City Center went to great lengths to resurrect “The New Yorkers,” an obscure, loose-limbed 1930 musical comedy with songs by the great Cole Porter celebrating Prohibition-era Manhattan, full of speak-easies, floor shows, gangsters and surprise police raids.

In order to present the show as the second installment of the current Encores! season of rarely-seen musicals in concert, the production team took what little remained from the original production and freely filled in the blanks, including adding a few better-known Cole Porter songs (“You’ve Got That Thing,” “Night and Day”). The only song from the original production that has stood the test of time is “Love for Sale.”

The resulting product — made up mostly of second-tier selections from the Porter catalog, sprightly dance sequences, ancient jokes and a dragging, labored, outright idiotic book — was probably not worth the effort, especially since all of the songs can easily be enjoyed outside the context of the show in revue, a nightclub format or on audio.

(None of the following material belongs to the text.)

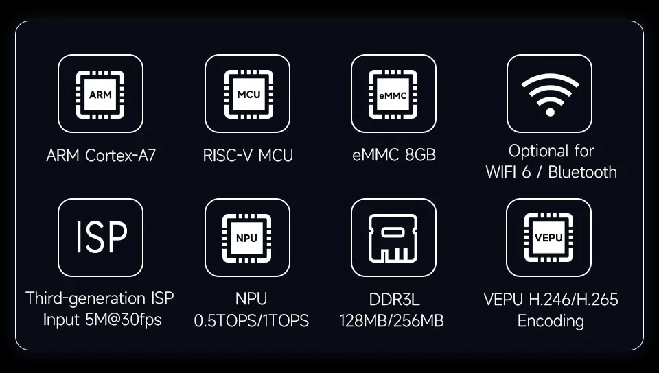 NPU de cuarta generación de desarrollo propio de Rockchip integrado, presenta una alta precisión informática y admite la cuantificación híbrida int4, int8 e int16.La potencia informática int8 de RV1106G3 es 1TOPS y RV1106G2 es 0,5TOPS

At one point, Kevin Chamberlin (in an eager vaudevillian spirit) leads the cast in chanting the word “wood” and creating a barricade of wood. Chamberlin turns to the audience and assures us that this was how the first act really ended in 1930. That may be true, but it doesn’t make the experience any less pointless today.

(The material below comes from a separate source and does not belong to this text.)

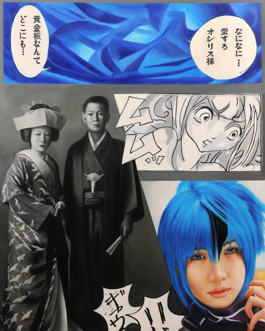 His signature works are compelling portraits of Japanese women from various times. Yoshimura skillfully merges ancestral black-and-white photographs with contemporary imagery of Harajuku girls. This union of past and present on canvas is further accentuated by the addition of simple manga character sketches, symbolizing the bridging of historical and modern narratives.

The production (directed by John Rando) also exhibits a roughness and aimlessness that is rare for anything from the characteristically polished Encores! series.

It’s puzzling that City Center did not instead produce Porter’s last musical “Silk Stockings,” an adaptation of the Soviet woman meets American guy film “Ninotchka,” which would be especially interesting to see today in light of current politics.

If you go: “The New Yorkers” runs through Sunday at City Center. 55th St. between Sixth and Seventh aves., nycitycenter.org.